Figure 1. Simplified scheme of manufacturing process of soluble coffee products.

Origin and Collection of Pig Slurry

Pig slurry (PS) was from a swine livestock facility located in the Santarém District, Portugal (38°97′65″N 8°68′13″W), with a total area of 212.72 ha and capacity for: 500 breeding sows, 1,620 weaned piglets, and 4,000 fattening piglets. This pig farm works in a closed-cycle operation and the production is divided into four stages: gestation, farrowing, weaning, and fattening/finishing. The slurry management system of the farm includes a storage tank, solid-liquid separation, and a lagoon system. Multiple grab samples, collected from the storage tank, after mixing with a stirring device over a period, were selected according to flow rate. In situ, the temperature measurement of the different composite sample was registered. All samples were conditioned in thermal containers and delivered to Lab facilities for storage at 4°C for further analytical characterization.

Mechanical Pre-treatment

As to facilitate the degradation process (by increasing the surface area of the feeding stock) and to avoid clogging problems and floating layers inside the digester, a mechanical pre-treatment process was carefully delineated, as shown in Figures 2A–C.

FIGURE 2

Figure 2. Scheme of the mechanical pre-treatment process of CECW (A) and pig slurry (B) and preparation of feedstock samples (C).

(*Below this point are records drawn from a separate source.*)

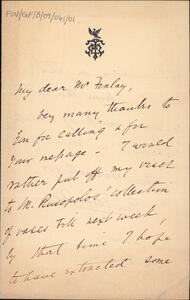 Eric Farquhar to George Finlay. 20 April 1865. Would like to delay visit to Rusopoulos's collection of vases (previously stuck on front flyleaf of J. Y. Ackerman, A Descriptive Catalogue . . . of Roman Coins, vol. 2, London, 1834).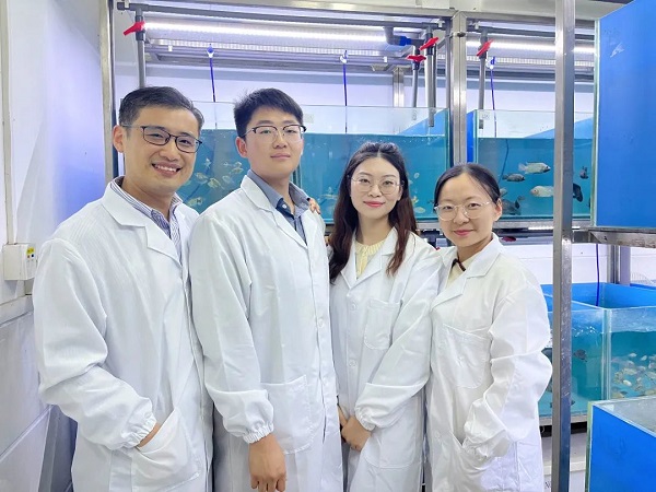 图说:“鲤鱼跃龙门”研究团队,杨嘉龙教授、博士研究生李康、硕士研究生焦新迎、韦秀梅副教授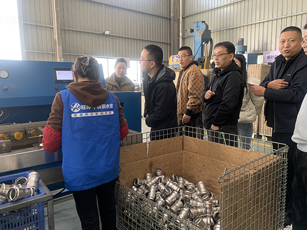 管件展示:考察团详细查看了包括法兰、弯头、三通及先进的卡压式管件在内的全套连接系统,对产品的精湛工艺与完善体系表示赞赏。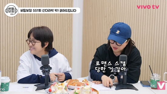김숙이 "그러니까 사진이 하나도 안 찍힌 거 아니냐"고 하자, 산다라박은 "맞다. 그래서 나는 사이버 러버였다"고 고백했다. 그러자 김숙은 "아무래도 로맨스스캠 당한 것 같다"고 농담을 건넸다.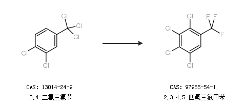 1.通过3,4-二氯三氯苄合成2,3,4,5-四氯三氟甲苯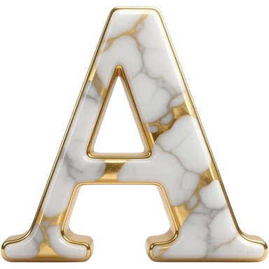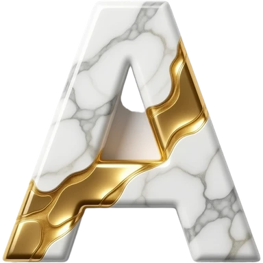 A luxurious uppercase letter 'A' crafted from polished white Carrara marble with deep veins of glowing liquid gold flowing through it. High-end jewelry aesthetic, soft studio lighting, elegant and Luxurious Marble Letter. emoji

In the first step, the CECW samples from different lots were weighted in a digital balance, with an accuracy of ±0.005 g. The average values, for TS and TVS obtained for the three lots were, respectively; 133.13 ± 2.30 (g kg⁻¹) and 128.33 ± 1.30 (g kg⁻¹) for the lot used in trial T1; 145.21 ± 3.30 (g kg⁻¹) and 140.56 ± 2.36 (g kg⁻¹) for the lot used in trial T2, and 243 ± 4.32 and 237.10 ± 3.38 (g kg⁻¹) for the lot used in trial T3. The variability is justified by the sample collection period (August, 2015 to February, 2016).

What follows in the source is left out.